Sushi

sushi 600

They were sitting cross-legged at the low table waiting for the waiter to take the man’s credit card. They had been waiting for a long time and no waiter had appeared and now the man’s legs had fallen asleep.

“I don’t even know how you feel about me,” she said.
“I think you don’t know how to feel about anyone,” she added.
The man poked a chopstick into a mound of green wasabi. There was still no waiter. He took out his wallet and counted out enough cash to pay the bill. He had only dollar bills and they made a large pile on the plastic lacquered tray that held the bill. The money was the same color as the wasabi. He put his credit card back in his wallet and started to get up. But his legs were asleep and he hadn’t gotten a receipt. He needed a receipt.
“Come on. Say something,” she said. “Say anything.”
He looked at her. “Do you know how many times we have had this conversation?

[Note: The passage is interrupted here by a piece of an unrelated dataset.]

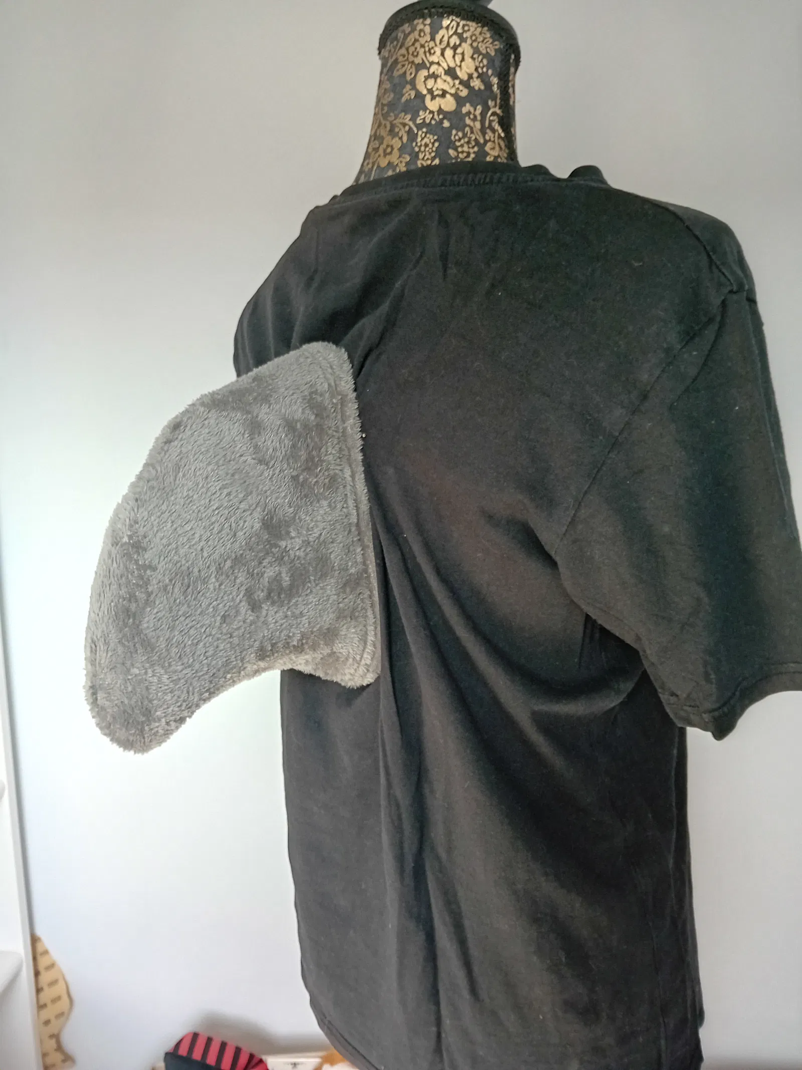 Một bộ back plate 2 phần cho thiết kế manokit/ vây cá mập/ cánh để mặc kèm áo. Phần plate có dây đeo hoạt động như ba lô và nằm dưới áo, còn phần có chỗ gắn vây/cánh sẽ nằm trên áo và trượt vào rãnh (channel). Bạn vẫn sẽ cần tự cắt gọt hoặc in thêm một cái vây để gắn vào. Mình có thể sẽ gắn thêm nam châm (magnets) để bấm “xương sống” vô cho chắc, nhưng hiện tại vậy chắc cũng ổn.

We’ve had this conversation eighty times.”
She walked on her knees across the tatami mats. She knocked the lacquered tray off the low table. For a moment there were dollar bills everywhere.
The man pressed his hands to his temples. There were grains of rice and pieces of dead fish on the table in front of him. “Eighty times. I have counted.”
She sat on the edge of the mat to put on her shoes. The man gathered the dollar bills wearily. “Eighty times, God damn it.”
The customers in the restaurant were looking at them. “On Wednesday it was 78. On Friday, 79.” The man’s hands were filled with dollar bills. “And now 80. Eighty God damn times.”
“It’s the last time we will have this conversation,” she said as she left.
The man sat at the table by himself. The dollar bills were soggy with soy sauce. A lone grain of rice had fallen on the polished wooden floor next to the mats. He picked up one of his shoes and smacked the grain of rice as if it were an insect. “Christ,” he said shaking his head, “eighty times. I counted them. I counted every God damn one.”